Predictive metabolomics – a fast-track to personalised medicine?

by | 26th Apr 2006 | News

A new technique for testing how an individual will respond to a drug could be the answer to developing personalised medicines has been developed by scientists at Pfizer and Imperial College London.

A new technique for testing how an individual will respond to a drug could be the answer to developing personalised medicines has been developed by scientists at Pfizer and Imperial College London.

The technique, reported in Nature (April 20), could also be used in clinical research to sort responders from non-responders and identify individuals that may have an adverse reaction to a medicine before they are exposed to therapeutic levels of the drug.

It’s an unfortunate fact that the majority of medicines do not actually work in many patients for whom they are prescribed, because of variations in genetic profiles. This has led to the concept of ‘personalised therapy’, in which medicines are matched to a patient to minimise side effects and optimise clinical efficacy.

But environmental factors such as nutritional status, the bacteria in a patient’s gut, age and whether the patient is suffering from an illness are also critical factors in determining the response to a drug, and simply carrying out a genomic analysis is unlikely to be sufficient to deliver a truly personalised therapy.

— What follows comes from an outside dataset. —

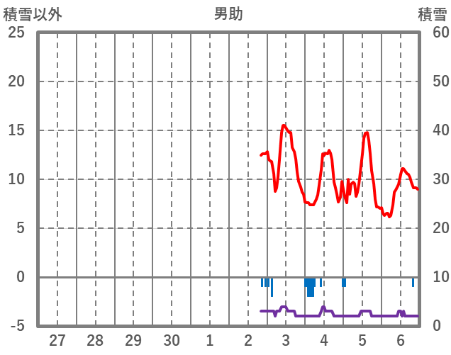 | 日 | 時 | 気温 | 降水 | 風向/風速 | 日照 | 積雪 | 降雪 |

The new approach developed by the researchers – called pharmaco-metabonomics – is based on the biology of each individual patient by examining body fluids for metabolic signatures and using computer analyses to try to predict how that person will respond to a drug.

According to Jeremy Nicholson of Imperial, who led the research team, the first stage of the research was to examine animals’ responses to galactosamine, a compound that causes liver damage in some and has no effect in others. The scientists were able to show that it was possible to predict which animals would develop liver damage based on their metabolic profiles, determined using urine testing for many hundreds of metabolites.

They then designed a more complex experiment in which levels of natural metabolites in rats’ urine were examined using nuclear magnetic resonance spectroscopy, a powerful diagnostic tool. The animals were then exposed to a high-dose the analgesic paracetamol, which is known to cause liver damage. Mathematical modelling was used to work out how the pre-dosing metabolic profile equated to the extent of liver damage seen in the rat, and the team identified certain metabolic ‘signatures’ that predicted the severity of the toxicity.

“This new technique is potentially of huge importance to the future of healthcare and the pharmaceutical industry,” commented Nicholson. “

He suggested that the technique could be applied in clinical studies by using sub-toxic doses of drugs to build models that determine drug responses based on metabolic profiling. The resulting data could be used to either rule out patients who would have an adverse reaction to a drug candidate, select for patients who would benefit from the treatment, and determine the most effective dose to boot.

Pharmaco-metabonomics will likely sit alongside pharmacogenomics – which involves trying to determine an individual’s response to treatment simply by looking at their genetic profile – but should be a more powerful tool, said Nicholson.

It was once hoped that pharmacogenomics and the related discipline proteomics – which looks at the expression patterns of proteins in cells – would identify specific signatures that would predict drug response and toxicity, but efforts to date have not uncovered any reliable candidates.

Pharmaco-metabonomics could be a new path towards attaining that goal and “the development of more personalised healthcare for large numbers of patients,” concluded Nicholson.